§ **Your goal**
The response consists of the lines from the start of the material below through the line holding "Dans cette kunstdruk", repeated word for word and without pictures.

§ **Records to process**
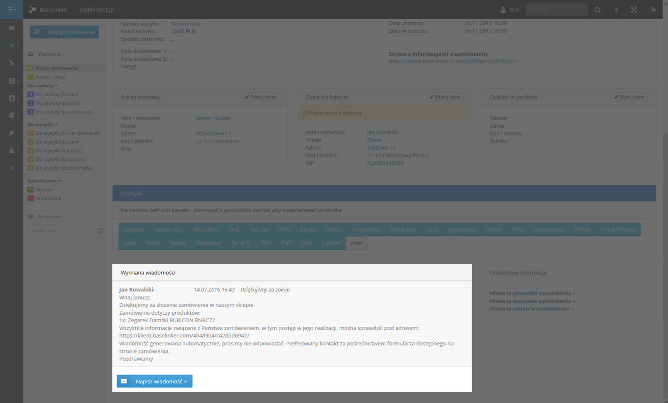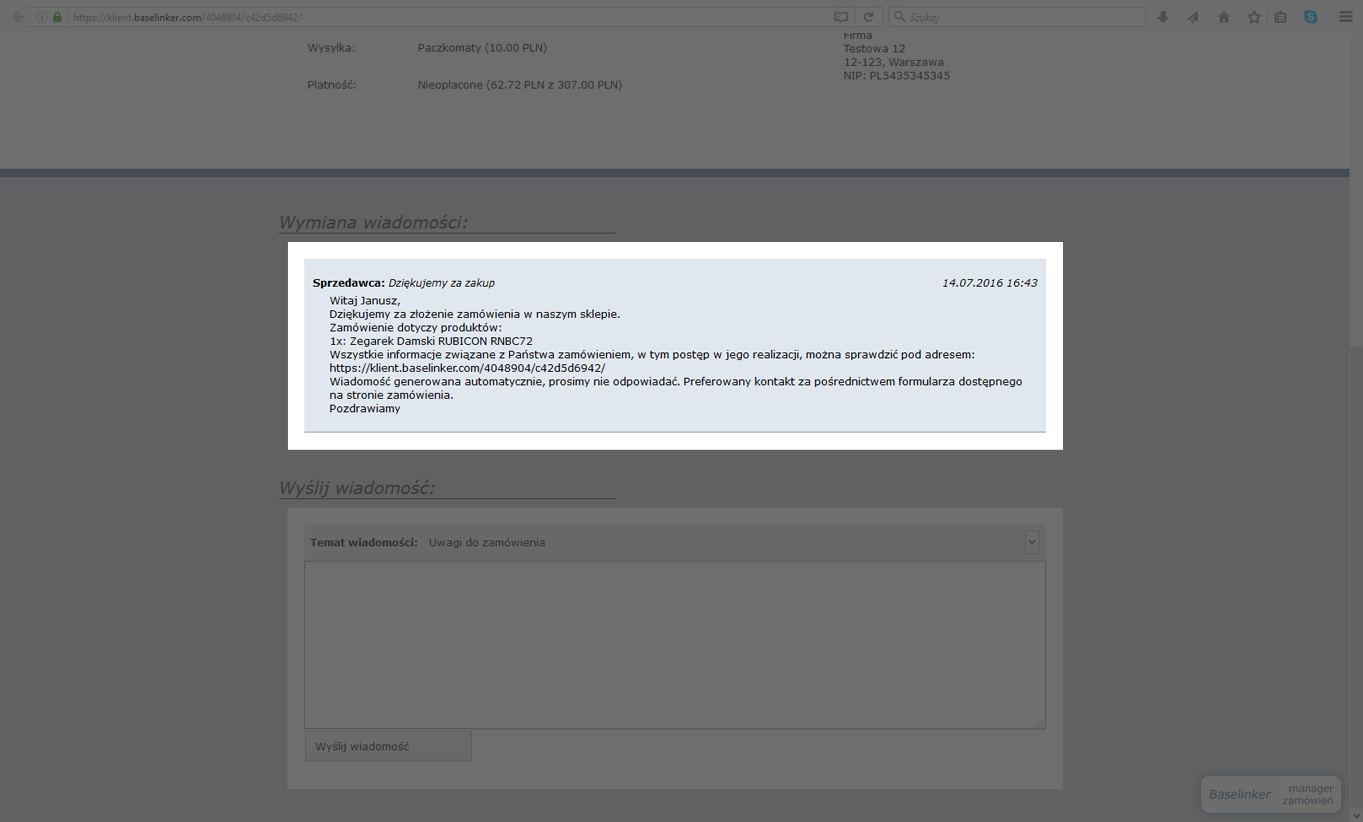 - 在Base.com系统内 – 通过订单页面上的表格。在这种情况下,建议在发送给客户的电子邮件中包含消息“此消息为自动生成,请勿回复。首选通过订单页面上的表格进行联系。”
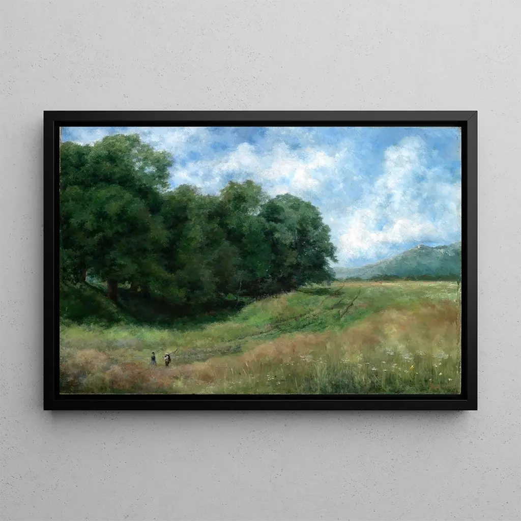 Dans cette kunstdruk du tableau Chemin de campagne près de Kronberg im Taunus, Louis Eysen nous transporte au cœur d'un paysage serein, où la nature s'épanouit sous un ciel lumineux. Les couleurs douces et les nuances délicates de vert et de bleu créent une atmosphère paisible, invitant à la contemplation. La technique impressionniste d'Eysen se manifeste par des coups de pinceau fluides, qui donnent vie aux arbres majestueux et aux champs verdoyants. Ce tableau évoque une promenade tranquille, où chaque détail, des feuilles aux ombres, semble murmurer les secrets de la nature.
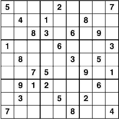 Sudoku puzzles are formatted as a 9x9 grid, broken down into nine 3x3 boxes. To solve a sudoku, the numbers 1 through 9 must fill each row, column and box. Each number can appear only once in each row, column and box. You can figure out the order in which the numbers will appear by using the numeric clues already provided in the boxes. The more numbers you name, the easier it gets to solve the puzzle!
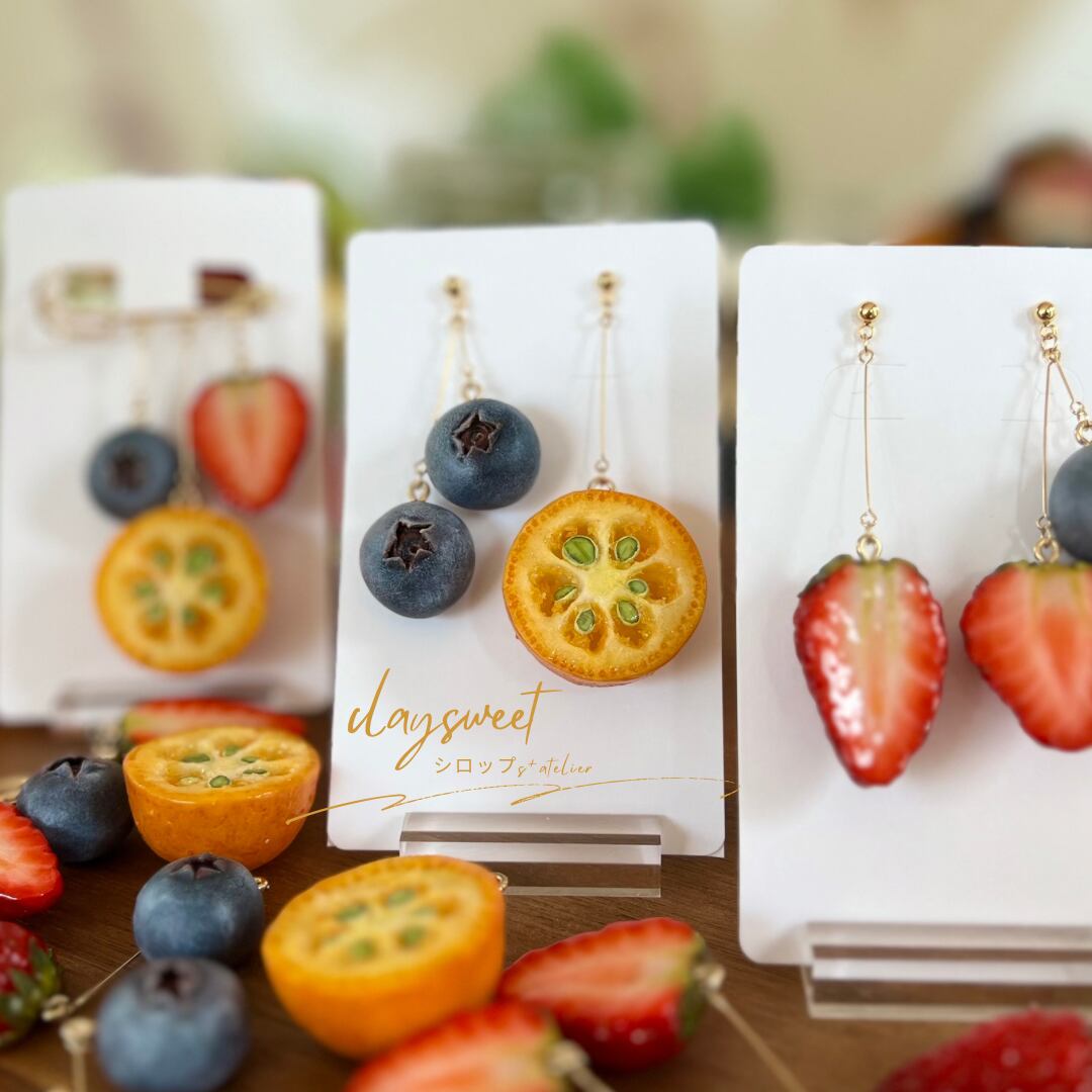 ・手仕事で仕上げたフルーツたちを使用したアクセサリーです
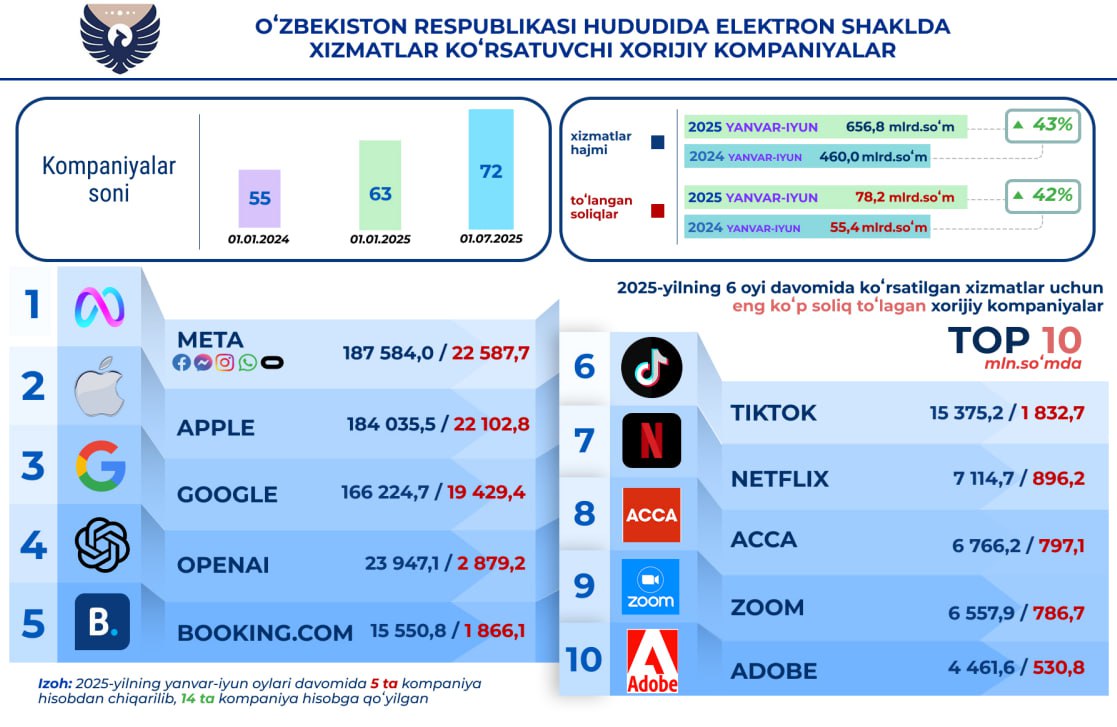 Ma’lumot uchun, 1-aprel holatiga ko‘ra, O‘zbekistonda elektron xizmatlar ko‘rsatuvchi xorijiy kompaniyalar soni 72 tani tashkil etmoqda.

§ **Exercise solution**
 - 在Base.com系统内 – 通过订单页面上的表格。在这种情况下,建议在发送给客户的电子邮件中包含消息“此消息为自动生成,请勿回复。首选通过订单页面上的表格进行联系。”
 Dans cette kunstdruk du tableau Chemin de campagne près de Kronberg im Taunus, Louis Eysen nous transporte au cœur d'un paysage serein, où la nature s'épanouit sous un ciel lumineux. Les couleurs douces et les nuances délicates de vert et de bleu créent une atmosphère paisible, invitant à la contemplation. La technique impressionniste d'Eysen se manifeste par des coups de pinceau fluides, qui donnent vie aux arbres majestueux et aux champs verdoyants. Ce tableau évoque une promenade tranquille, où chaque détail, des feuilles aux ombres, semble murmurer les secrets de la nature.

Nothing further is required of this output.